══ Supplied entries ══
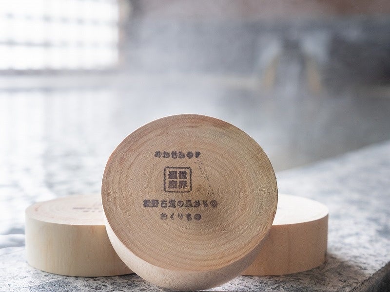 入浴木はサスティナブルの観点からヒノキの間伐材を使用。間伐材の積極的活⽤を通じて地域の里山・森林整備についても意識する機会を提供。
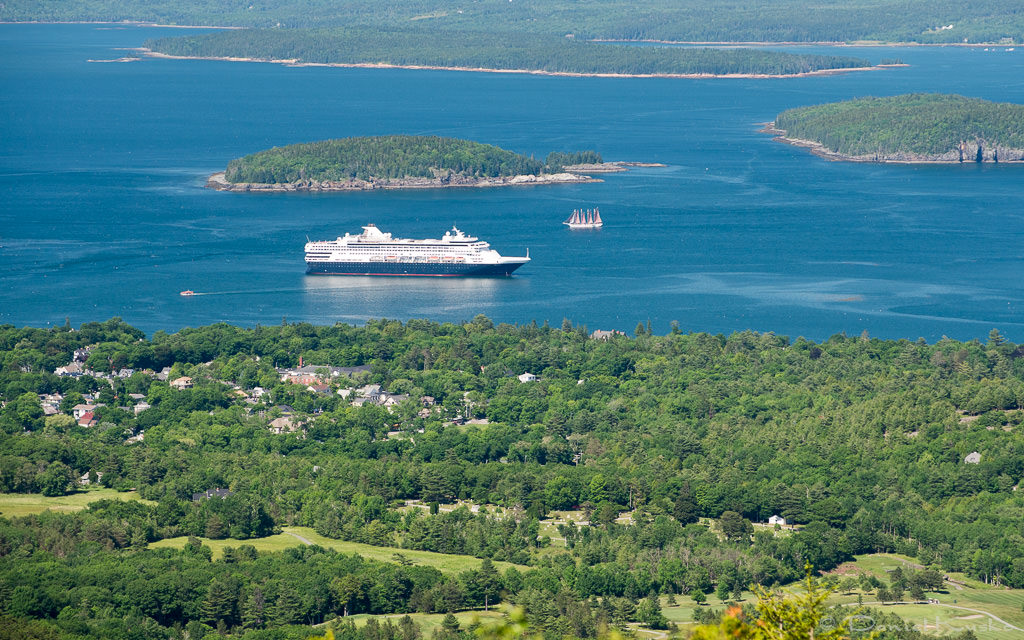 Looking down from Cadillac mountain you can see the town of Bar Harbor.
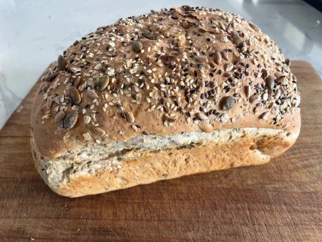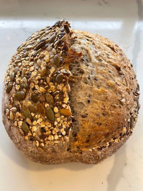 This beautiful Sourdough is a combination of Flours, packed full with oats, pumpkin, Sesame, and Sunflower Seeds. Amazing toasted.
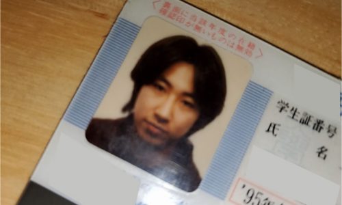 今回発見したものは、学生証。20歳くらいでしょうか?何となく時代を感じる。あの時の自分に言いたいことはたくさんありますが…
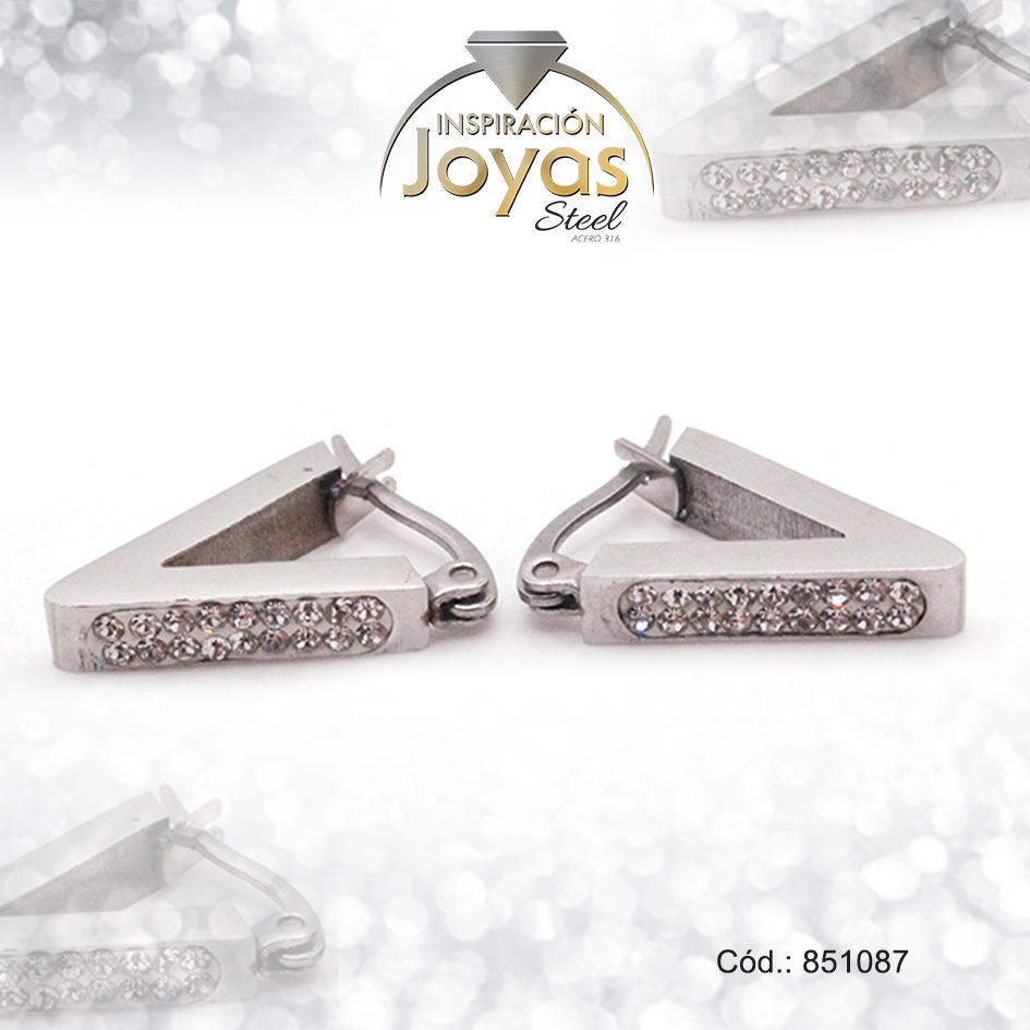 Argolla de Acero Forma Geométrica con Micro Circón Plateado Triángulo – 851087
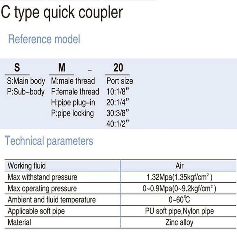 Pneumatic Fitting (M.STOCK) Quick Coupler Connector C Type Air hose Accessories SP20 PP20 PM20 SH20 PH20 SF SM20 PF30
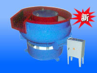 應(yīng)用了國(guó)際上先進(jìn)三元振動(dòng)加工原理。當(dāng)工件、成形磨塊、化學(xué)磨液和水按一定比例放人光整機(jī)的容器中。然后啟動(dòng)振動(dòng)電機(jī)。振動(dòng)電機(jī)軸的上下兩端裝有偏心鐵塊,它們?cè)谒矫嫔系耐队盎コ梢粋(gè)直角,當(dāng)振動(dòng)電機(jī)高速旋轉(zhuǎn)時(shí),兩個(gè)偏心塊產(chǎn)生在水平面內(nèi)沿圓周方向變化的激振力(離心力),使機(jī)體產(chǎn)生水平面內(nèi)的圓周運(yùn)動(dòng),同時(shí)由于激振力不通過(guò)機(jī)體的質(zhì)心。因而產(chǎn)生激振矩(即傾倒力矩)使容器繞水平軸搖擺,由于容器底部呈圓環(huán)形狀、各點(diǎn)的振幅不一致,使容器中的成型磨塊和工件既豎直中心軸線公轉(zhuǎn),又繞圓環(huán)中心翻滾,其合成運(yùn)動(dòng)為環(huán)形螺旋運(yùn)動(dòng),同時(shí)容器有一螺旋升角,成型磨塊和工件沿螺旋面向上滑行,使工件和成型磨塊在運(yùn)動(dòng)時(shí)增加了摩擦力,提高了光整效率。容器為了減少工作中磨塊的和工作對(duì)其的磨損,降低噪音,在其內(nèi)壁掛涂耐磨橡膠或聚氨脂。為了改善工作環(huán)境,又可另外配置消音罩,適用于小中大零件的光整加工。
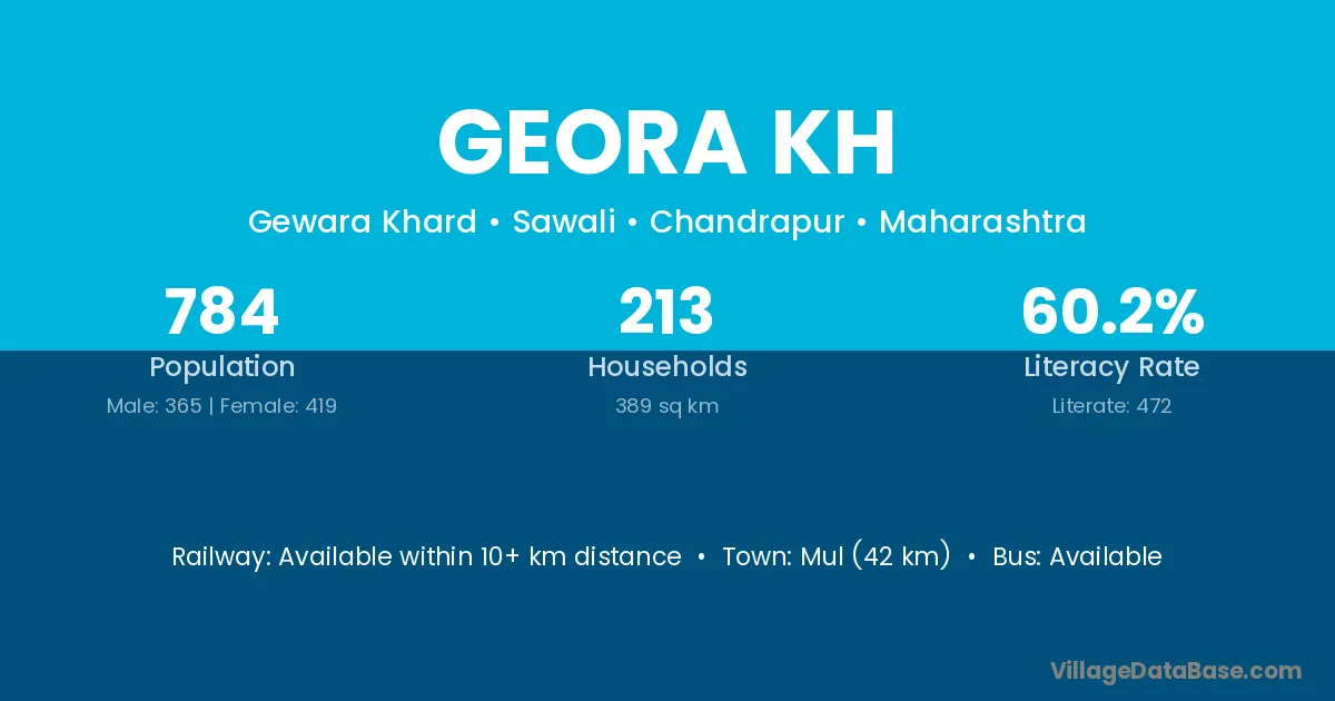 Mul (42 km) is the nearest town to Geora Kh village for major economic activities and is located approximately 42 km away.
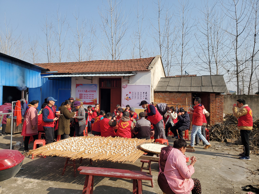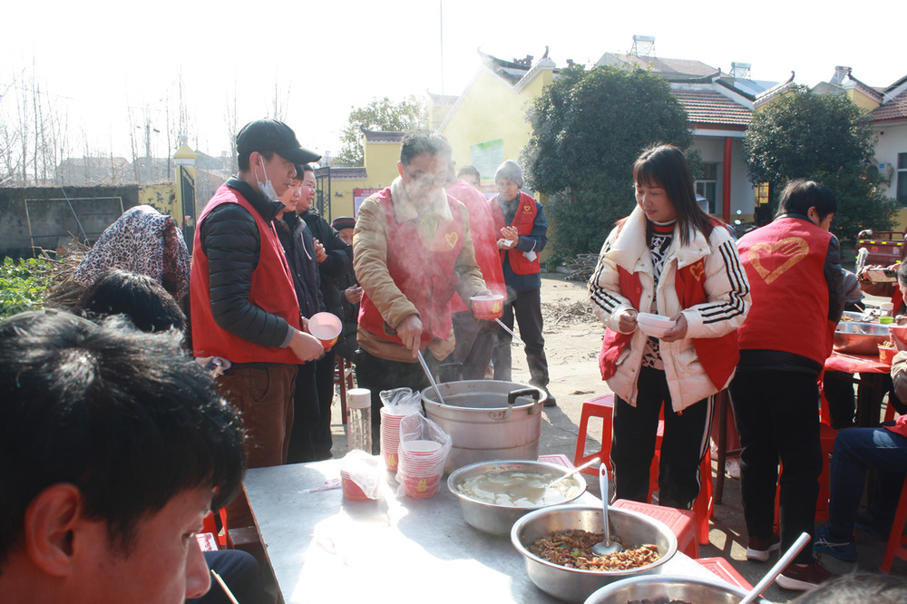 在院子里搭台拼桌,大家随意随机的或围或散的用餐
═══
# Instructions to follow
All the records need to be set down word for word, with the images left out.

# Solution to this problem
 入浴木はサスティナブルの観点からヒノキの間伐材を使用。間伐材の積極的活⽤を通じて地域の里山・森林整備についても意識する機会を提供。
 Looking down from Cadillac mountain you can see the town of Bar Harbor.
 This beautiful Sourdough is a combination of Flours, packed full with oats, pumpkin, Sesame, and Sunflower Seeds. Amazing toasted.
 今回発見したものは、学生証。20歳くらいでしょうか?何となく時代を感じる。あの時の自分に言いたいことはたくさんありますが…
 Argolla de Acero Forma Geométrica con Micro Circón Plateado Triángulo – 851087
 Pneumatic Fitting (M.STOCK) Quick Coupler Connector C Type Air hose Accessories SP20 PP20 PM20 SH20 PH20 SF SM20 PF30
 應(yīng)用了國(guó)際上先進(jìn)三元振動(dòng)加工原理。當(dāng)工件、成形磨塊、化學(xué)磨液和水按一定比例放人光整機(jī)的容器中。然后啟動(dòng)振動(dòng)電機(jī)。振動(dòng)電機(jī)軸的上下兩端裝有偏心鐵塊,它們?cè)谒矫嫔系耐队盎コ梢粋(gè)直角,當(dāng)振動(dòng)電機(jī)高速旋轉(zhuǎn)時(shí),兩個(gè)偏心塊產(chǎn)生在水平面內(nèi)沿圓周方向變化的激振力(離心力),使機(jī)體產(chǎn)生水平面內(nèi)的圓周運(yùn)動(dòng),同時(shí)由于激振力不通過(guò)機(jī)體的質(zhì)心。因而產(chǎn)生激振矩(即傾倒力矩)使容器繞水平軸搖擺,由于容器底部呈圓環(huán)形狀、各點(diǎn)的振幅不一致,使容器中的成型磨塊和工件既豎直中心軸線公轉(zhuǎn),又繞圓環(huán)中心翻滾,其合成運(yùn)動(dòng)為環(huán)形螺旋運(yùn)動(dòng),同時(shí)容器有一螺旋升角,成型磨塊和工件沿螺旋面向上滑行,使工件和成型磨塊在運(yùn)動(dòng)時(shí)增加了摩擦力,提高了光整效率。容器為了減少工作中磨塊的和工作對(duì)其的磨損,降低噪音,在其內(nèi)壁掛涂耐磨橡膠或聚氨脂。為了改善工作環(huán)境,又可另外配置消音罩,適用于小中大零件的光整加工。
 Mul (42 km) is the nearest town to Geora Kh village for major economic activities and is located approximately 42 km away.
 在院子里搭台拼桌,大家随意随机的或围或散的用餐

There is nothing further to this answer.